Segment Start: Record excerpts
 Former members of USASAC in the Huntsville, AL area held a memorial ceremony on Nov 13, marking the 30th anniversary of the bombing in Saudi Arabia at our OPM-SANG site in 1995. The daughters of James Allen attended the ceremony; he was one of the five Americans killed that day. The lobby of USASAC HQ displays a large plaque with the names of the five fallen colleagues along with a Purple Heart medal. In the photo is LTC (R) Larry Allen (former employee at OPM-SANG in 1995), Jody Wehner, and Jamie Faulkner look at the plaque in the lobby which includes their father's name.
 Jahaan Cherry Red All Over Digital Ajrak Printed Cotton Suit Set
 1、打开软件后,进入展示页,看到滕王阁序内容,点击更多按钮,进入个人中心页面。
Segment End: Record excerpts
Segment Start: Record excerpts
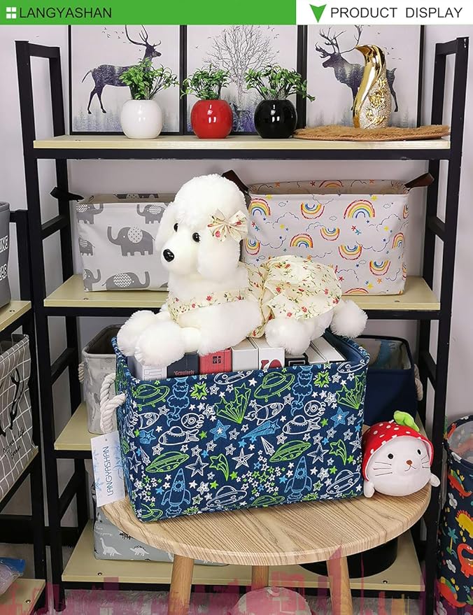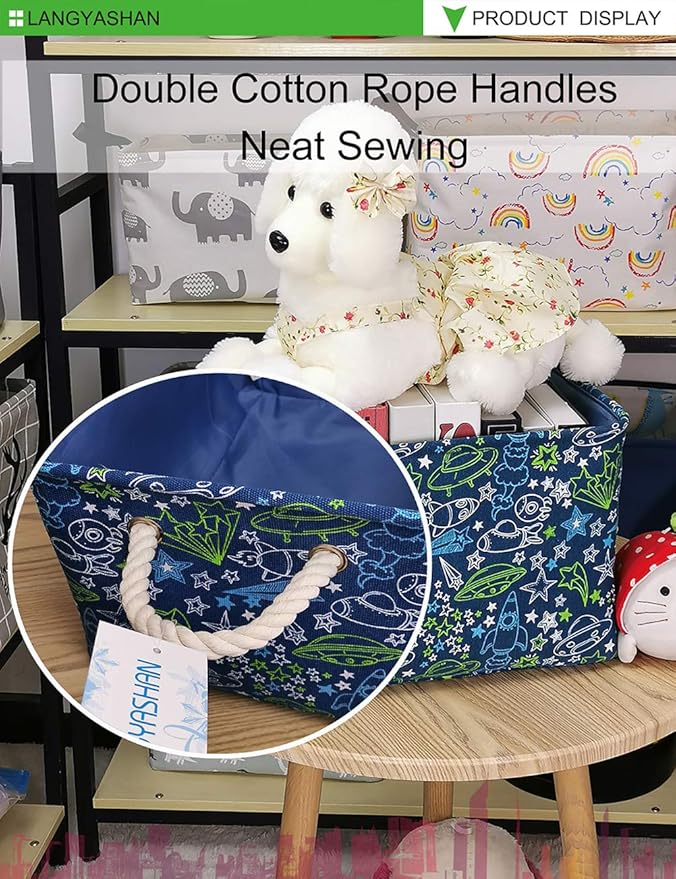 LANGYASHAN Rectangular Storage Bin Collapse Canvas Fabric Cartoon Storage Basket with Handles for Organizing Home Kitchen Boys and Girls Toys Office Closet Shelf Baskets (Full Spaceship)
Segment End: Record excerpts
Segment Start: Record excerpts
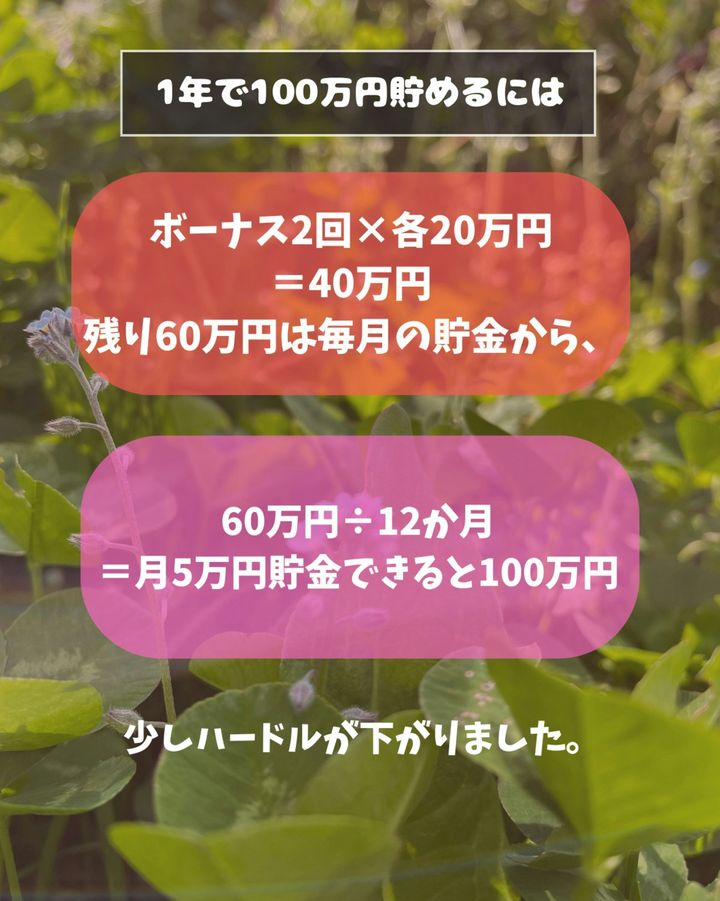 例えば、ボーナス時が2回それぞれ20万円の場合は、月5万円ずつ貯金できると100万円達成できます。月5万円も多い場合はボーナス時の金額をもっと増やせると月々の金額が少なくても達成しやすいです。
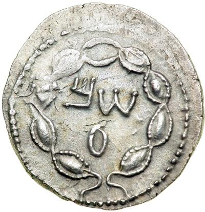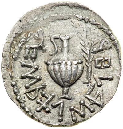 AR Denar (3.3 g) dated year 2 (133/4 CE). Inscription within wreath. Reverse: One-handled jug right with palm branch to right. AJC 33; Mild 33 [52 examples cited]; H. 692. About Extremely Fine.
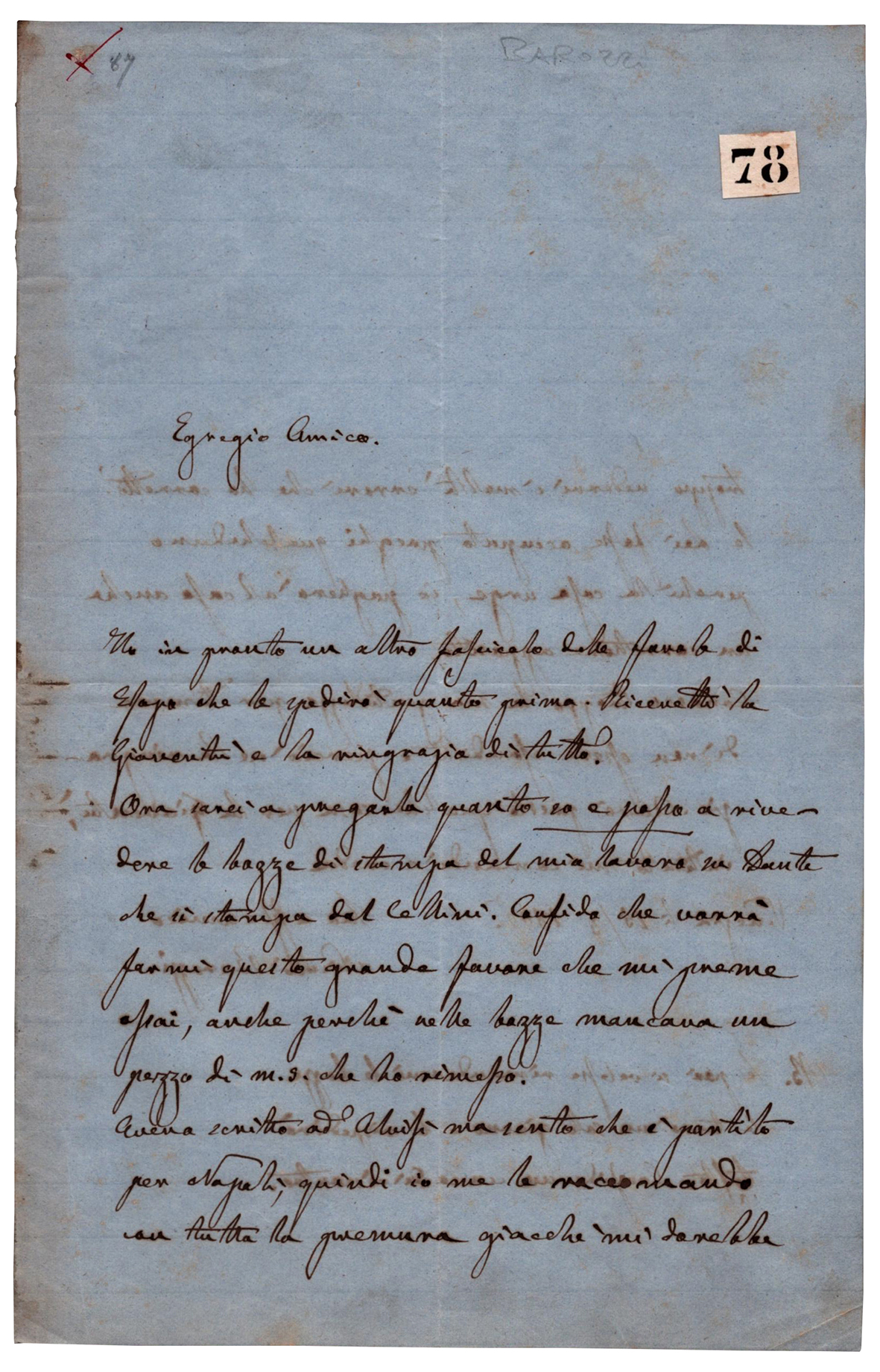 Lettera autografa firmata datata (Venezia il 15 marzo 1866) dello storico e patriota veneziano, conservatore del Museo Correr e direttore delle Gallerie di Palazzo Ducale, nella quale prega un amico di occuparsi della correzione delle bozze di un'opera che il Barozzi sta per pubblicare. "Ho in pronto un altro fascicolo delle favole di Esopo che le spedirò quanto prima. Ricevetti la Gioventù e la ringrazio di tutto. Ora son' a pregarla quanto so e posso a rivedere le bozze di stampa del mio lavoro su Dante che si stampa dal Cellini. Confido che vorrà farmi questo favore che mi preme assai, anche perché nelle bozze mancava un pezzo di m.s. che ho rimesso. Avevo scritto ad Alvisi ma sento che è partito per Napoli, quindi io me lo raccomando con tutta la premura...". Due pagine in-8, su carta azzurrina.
Segment End: Record excerpts
Work order:
Word for word, restate the lines of the data above that fall between the line holding "Former members of" and the line holding "1、打开软件后,进入展示页,看到滕王阁序内容,点击更多按钮,进入个人中心页面。", inclusive, and no other lines.

Written solution:
 Former members of USASAC in the Huntsville, AL area held a memorial ceremony on Nov 13, marking the 30th anniversary of the bombing in Saudi Arabia at our OPM-SANG site in 1995. The daughters of James Allen attended the ceremony; he was one of the five Americans killed that day. The lobby of USASAC HQ displays a large plaque with the names of the five fallen colleagues along with a Purple Heart medal. In the photo is LTC (R) Larry Allen (former employee at OPM-SANG in 1995), Jody Wehner, and Jamie Faulkner look at the plaque in the lobby which includes their father's name.
 Jahaan Cherry Red All Over Digital Ajrak Printed Cotton Suit Set
 1、打开软件后,进入展示页,看到滕王阁序内容,点击更多按钮,进入个人中心页面。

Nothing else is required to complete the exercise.